**EXERCISE REQUIREMENTS**
Transcribe the listing below word for word but skip its images.

**DATASET SECTION**
:::

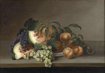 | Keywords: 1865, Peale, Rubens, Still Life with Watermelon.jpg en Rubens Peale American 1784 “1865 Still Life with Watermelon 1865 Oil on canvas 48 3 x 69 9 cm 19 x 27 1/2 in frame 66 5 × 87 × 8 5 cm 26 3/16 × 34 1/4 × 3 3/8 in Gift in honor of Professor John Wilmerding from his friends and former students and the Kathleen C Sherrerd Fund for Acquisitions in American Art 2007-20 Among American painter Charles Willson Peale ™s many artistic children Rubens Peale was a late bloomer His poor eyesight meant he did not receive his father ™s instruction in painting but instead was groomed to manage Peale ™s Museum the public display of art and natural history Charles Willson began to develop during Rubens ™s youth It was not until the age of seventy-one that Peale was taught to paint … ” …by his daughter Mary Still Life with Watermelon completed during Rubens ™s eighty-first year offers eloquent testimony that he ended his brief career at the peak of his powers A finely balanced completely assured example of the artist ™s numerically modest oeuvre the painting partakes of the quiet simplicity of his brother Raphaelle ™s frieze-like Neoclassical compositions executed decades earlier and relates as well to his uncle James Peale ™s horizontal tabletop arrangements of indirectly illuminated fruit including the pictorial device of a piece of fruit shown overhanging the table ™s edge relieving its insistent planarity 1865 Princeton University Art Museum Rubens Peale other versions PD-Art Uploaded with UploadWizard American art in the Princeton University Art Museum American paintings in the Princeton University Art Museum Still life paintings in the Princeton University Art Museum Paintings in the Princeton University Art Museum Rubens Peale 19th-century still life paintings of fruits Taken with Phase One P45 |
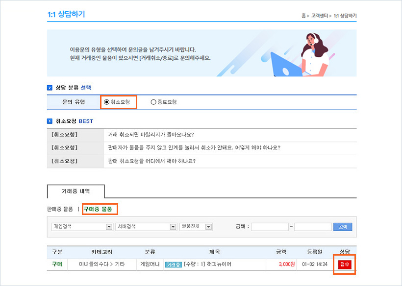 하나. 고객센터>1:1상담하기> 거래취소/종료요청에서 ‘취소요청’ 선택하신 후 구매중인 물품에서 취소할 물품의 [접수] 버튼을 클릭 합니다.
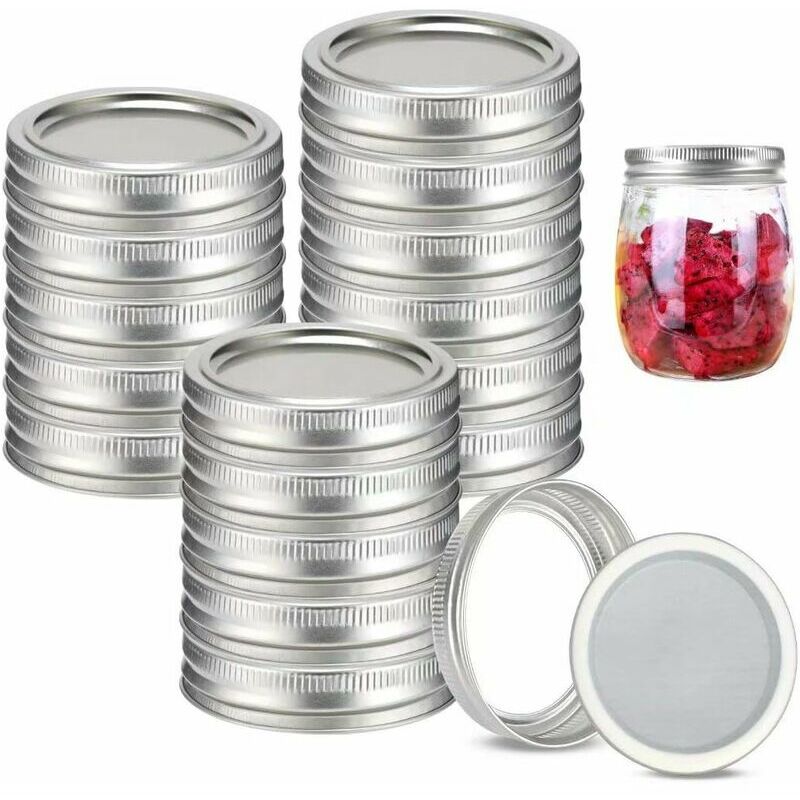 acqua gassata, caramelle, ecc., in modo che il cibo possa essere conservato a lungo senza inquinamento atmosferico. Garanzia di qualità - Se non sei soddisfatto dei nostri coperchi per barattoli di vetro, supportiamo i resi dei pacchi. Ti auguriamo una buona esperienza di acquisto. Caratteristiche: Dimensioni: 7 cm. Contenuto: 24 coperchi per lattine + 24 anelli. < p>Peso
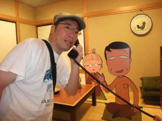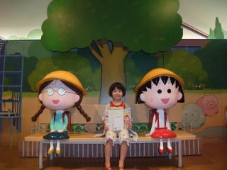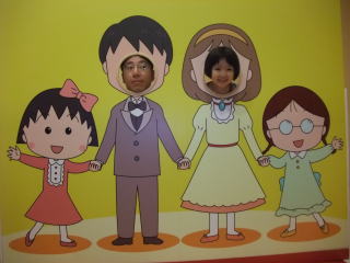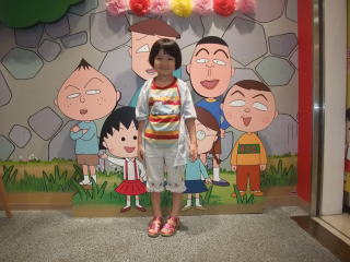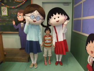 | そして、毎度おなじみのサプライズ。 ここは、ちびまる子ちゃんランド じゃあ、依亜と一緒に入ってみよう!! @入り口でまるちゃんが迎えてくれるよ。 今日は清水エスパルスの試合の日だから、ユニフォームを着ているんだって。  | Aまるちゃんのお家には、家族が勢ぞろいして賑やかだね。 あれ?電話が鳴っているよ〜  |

:::

**ANSWER AREA**
 | Keywords: 1865, Peale, Rubens, Still Life with Watermelon.jpg en Rubens Peale American 1784 “1865 Still Life with Watermelon 1865 Oil on canvas 48 3 x 69 9 cm 19 x 27 1/2 in frame 66 5 × 87 × 8 5 cm 26 3/16 × 34 1/4 × 3 3/8 in Gift in honor of Professor John Wilmerding from his friends and former students and the Kathleen C Sherrerd Fund for Acquisitions in American Art 2007-20 Among American painter Charles Willson Peale ™s many artistic children Rubens Peale was a late bloomer His poor eyesight meant he did not receive his father ™s instruction in painting but instead was groomed to manage Peale ™s Museum the public display of art and natural history Charles Willson began to develop during Rubens ™s youth It was not until the age of seventy-one that Peale was taught to paint … ” …by his daughter Mary Still Life with Watermelon completed during Rubens ™s eighty-first year offers eloquent testimony that he ended his brief career at the peak of his powers A finely balanced completely assured example of the artist ™s numerically modest oeuvre the painting partakes of the quiet simplicity of his brother Raphaelle ™s frieze-like Neoclassical compositions executed decades earlier and relates as well to his uncle James Peale ™s horizontal tabletop arrangements of indirectly illuminated fruit including the pictorial device of a piece of fruit shown overhanging the table ™s edge relieving its insistent planarity 1865 Princeton University Art Museum Rubens Peale other versions PD-Art Uploaded with UploadWizard American art in the Princeton University Art Museum American paintings in the Princeton University Art Museum Still life paintings in the Princeton University Art Museum Paintings in the Princeton University Art Museum Rubens Peale 19th-century still life paintings of fruits Taken with Phase One P45 |
 하나. 고객센터>1:1상담하기> 거래취소/종료요청에서 ‘취소요청’ 선택하신 후 구매중인 물품에서 취소할 물품의 [접수] 버튼을 클릭 합니다.
 acqua gassata, caramelle, ecc., in modo che il cibo possa essere conservato a lungo senza inquinamento atmosferico. Garanzia di qualità - Se non sei soddisfatto dei nostri coperchi per barattoli di vetro, supportiamo i resi dei pacchi. Ti auguriamo una buona esperienza di acquisto. Caratteristiche: Dimensioni: 7 cm. Contenuto: 24 coperchi per lattine + 24 anelli. < p>Peso
 | そして、毎度おなじみのサプライズ。 ここは、ちびまる子ちゃんランド じゃあ、依亜と一緒に入ってみよう!! @入り口でまるちゃんが迎えてくれるよ。 今日は清水エスパルスの試合の日だから、ユニフォームを着ているんだって。  | Aまるちゃんのお家には、家族が勢ぞろいして賑やかだね。 あれ?電話が鳴っているよ〜  |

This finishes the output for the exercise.